Bash, curl, eval and whitespace

Question

I'm writing a script to execute CURL commands for a given user input. The script has multiple helper function to create the list of parameters (arguments) that will eventually be passed to CURL.

A stripped out example, is as follows :

#!/bin/bash
function create_arg_list
{
    # THIS HTTP HEADER VALUE COMES FROM THE USER and MAY CONTAIN SPACES
 local __hdr="x-madhurt-test:madh urt"
 local __params="http://google.co.in -X GET -H '$__hdr'"

 local __resultvar="$1"
 eval $__resultvar="\"$__params\""
 echo "params after eval : $__resultvar"
}


create_arg_list arg_list
echo "params after eval in main code : $arg_list"

echo "Running command : curl -v $arg_list"
curl -v $arg_list

The script works great when the input parameters (file path, url etc..) have (quoted) white space in them. However, when the arguments that are supposed to be passed as HTTP Headers to CURL contain spaces, the script fails miserably.

Here is what I've tried :

1. Use single quotes around the header value (e.g. '$__hdr'). However, with this the value that is passed to CURL is :

   curl -v http://google.co.in -X GET -H 'x-madhurt-test:madh urt'

   , which is treated as-as by CURL and the actual header that is sent is like this :

   'x-madhurt-test:madh

2. Double escape the header value (e.g. \\"$__hdr\\"), but this does seem to work as well. In this case CURL gets "urt" as a separate parameter and treats it as a URL

   curl: (6) Couldn't resolve host 'urt"'

3. Escape the space in the header value (i.e. use "madh\ urt" instead of "madh urt"), but this turns out to be the same as option 2.
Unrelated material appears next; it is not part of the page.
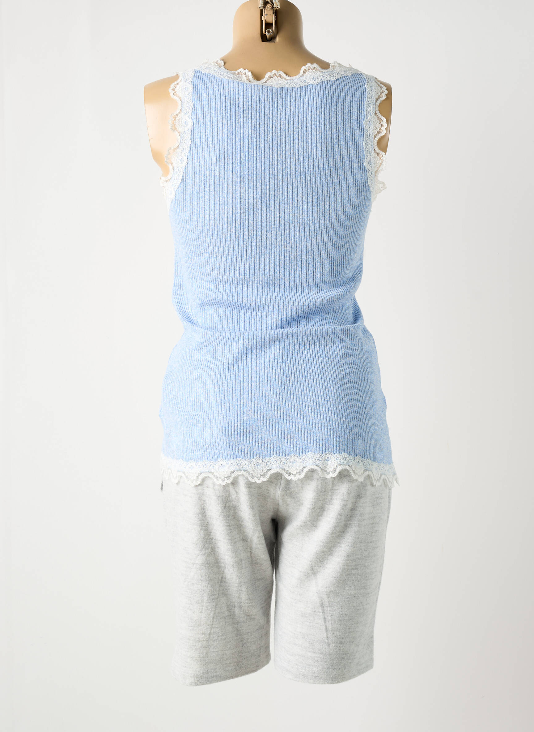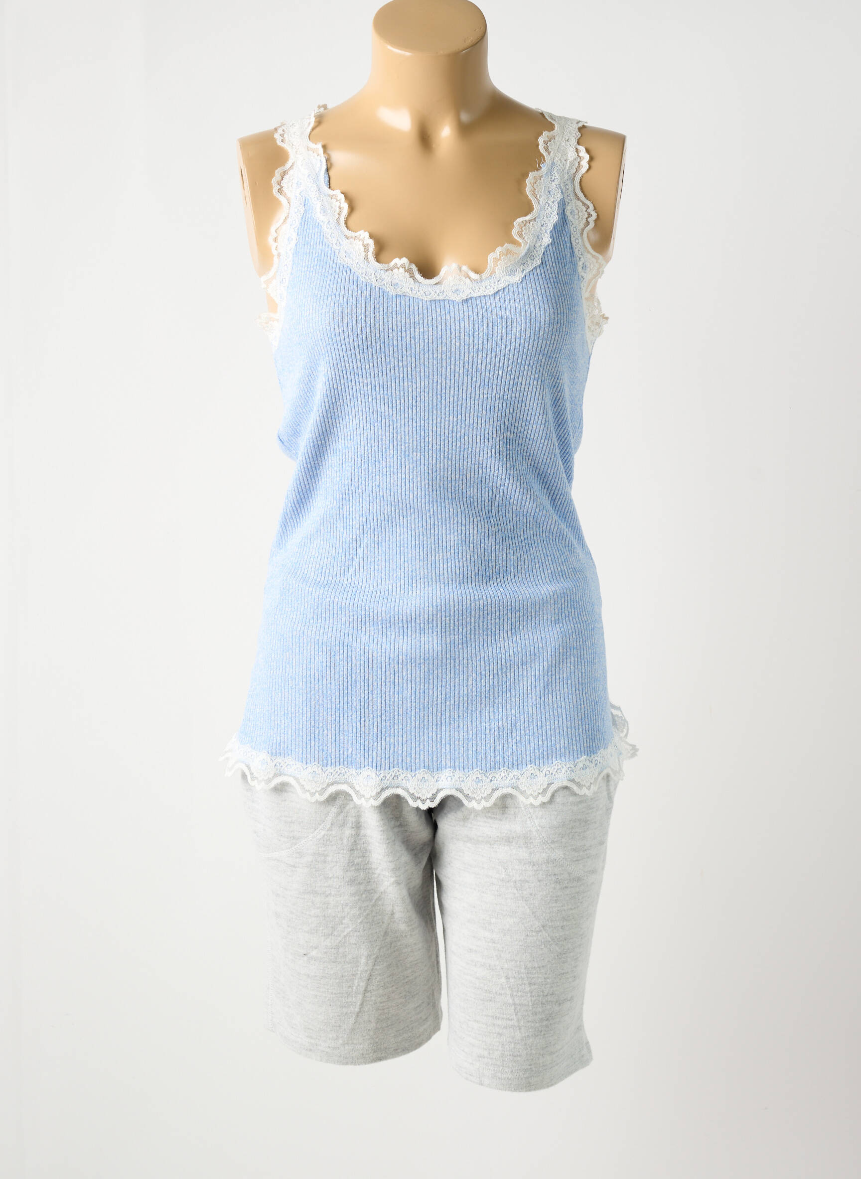 Profitez d’un pyjashorts femme de la marque RINGELLA à prix mini, parfait pour vous offrir douceur et confort sans vous ruiner. Ce modèle allie un débardeur bleu ciel orné de délicates finitions festonnées en dentelle blanche au niveau du col, des emmanchures et de la base, à un short gris clair à la coupe décontractée. Sa matière douce et légère promet de belles nuits tout en apportant une touche féminine grâce à ses jolis détails, pour un look cosy accessible à toutes.

Does someone have insights as to what is happening wrong here?

Answer 1

Dennis's answer is good, so I'll focus on why your code does not work. Let's use an auxiliar function to show the arguments received by a function:

$ args() { for x in "$@"; do echo $x; done }
$ args 1 '2 b' 3
1
2 b
3

Ok, as expected the quotes are solely used to delimit arguments. But now let's use a variable as you did:

$ var="1 '2 b' 3"
$ args $var
1
'2
b'
3

Bash expands the variable and the function (or command) gets the quotes. That's not what you wanted, of course.

Solution1: Use eval to re-interpret quotes.

$ eval args $var
1
2 b
3

Solution2: Use an array and expand it with "${MYARRAY[@]}" as Dennis showed.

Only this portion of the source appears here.